There are a variety of procedures available in court in Georgia to deal with the disposition of the property of a dead resident, or the death of a non-resident who owns property.
These steps are referred to as probate. What can be done varies, depending on whether the deceased person left a will. When there is a will, several possibilities exist.
The first possibility is called Solemn Form Probate. This involves filing the original will with the court, providing notice of the court proceeding to all heirs who would ordinarily inherit from the decedent if there were no will, such as a spouse, children, etc. These individuals are given a deadline to object to the validity of the will. The court will determine the validity of will’s creation by receiving evidence, such as a self-proving affidavit signed by the decedent and witnesses, testimony of the witnesses, or out of court sworn statements by witnesses.
A longer procedure is called Common Form Probate. This involves filing the will with the court without formal notice to heirs.
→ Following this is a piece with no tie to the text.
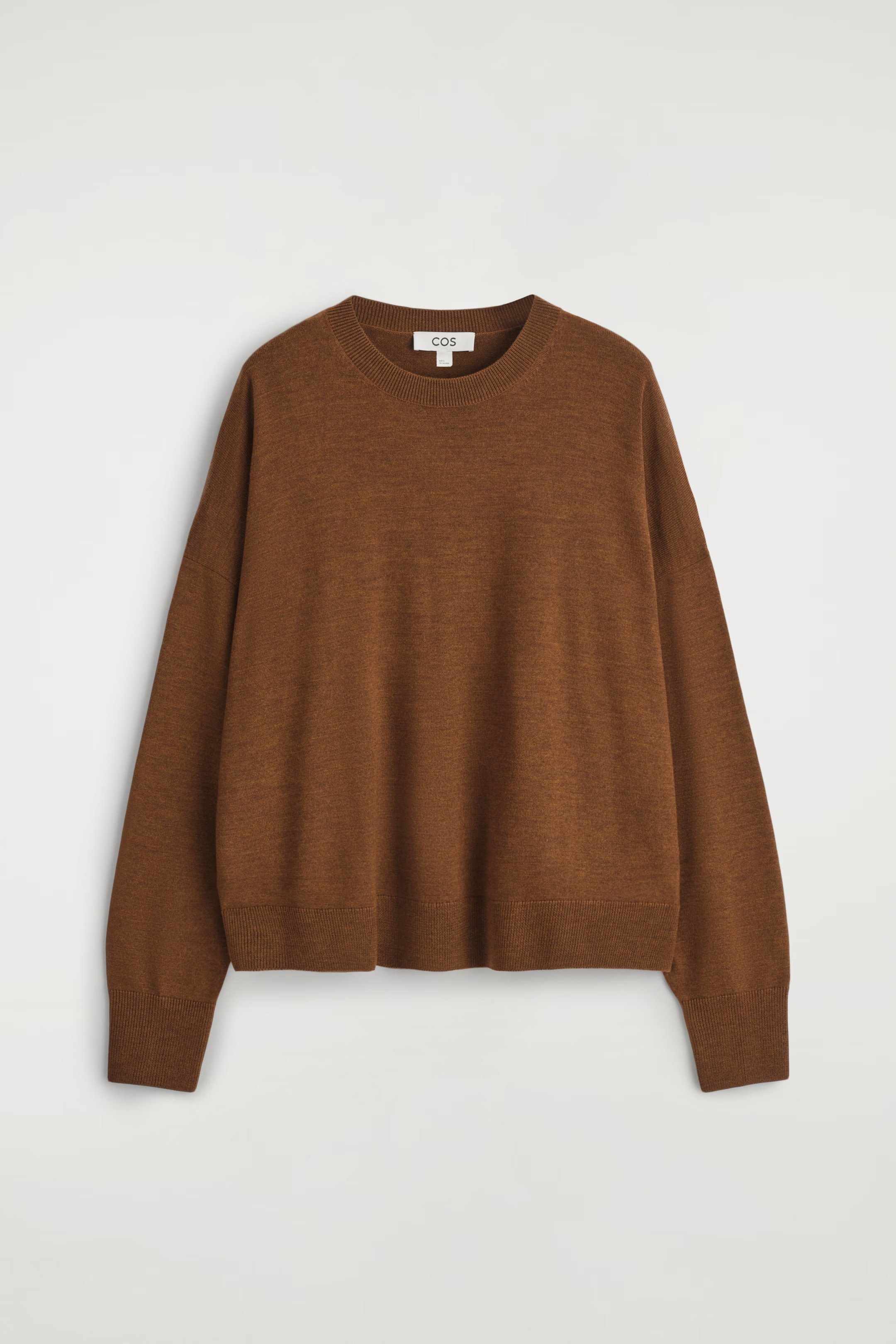 Our classic knitwear serves as an elegant foundation for your wardrobe. This black knit sweater is made from finely knitted, soft, and lightweight merino wool, keeping you cozy and warm even on the coldest days of the year. It features a relaxed silhouette, a ribbed crew neck, and shaped sleeves. This item contains Responsible Wool Standard TE-00047206 (RWS) wool fibers from mills certified to animal welfare and agricultural standards. Outer fabric: 100% merino wool. Details excepted/Machine wash. Back length in size S = 58.5 cm/Model wears size S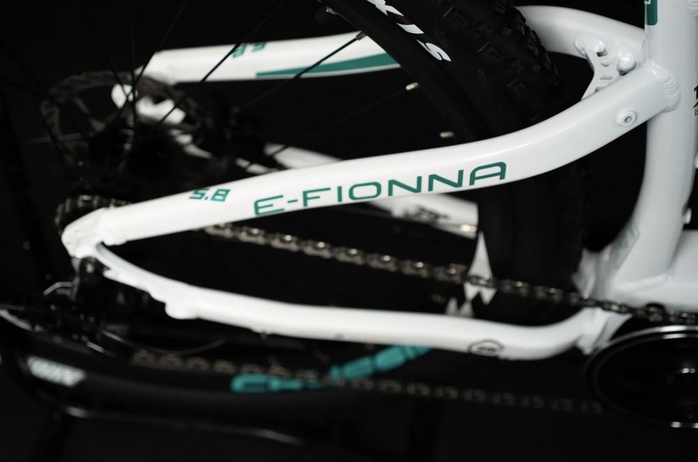 Elektrokolo e-Fionna 5.8 je vybaveno odpruženou vidlicí s pružinovým tlumením SUNTOUR XCT30 HLO DS 29" se zdvihem 100 mm. Pro přizpůsobení vidlice váze cyklisty stačí pootočením upravit přepětí pružiny a přizpůsobit ho tak hmotnosti a stylu jízdy jezdce. V terénu pak vidlice skvěle tlumí nárazy, zatímco na rovném povrchu zbytečně nepruží. Uzamyká se z korunky.

The proper creation of the will must still be established, and the disposition of the property is not finalized for a four year period of time.
When the executor named by the deceased is not available or willing to serve, the heirs may submit the will to the court with a majority of them selecting an administrator to handle the estate. This is called Probate of Will in Solemn Form/Letters of Administration With Will Annexed.
Finally, if there is a will, but no existing property disposed of by the will, probate is not needed, but the will still must be filed with the court.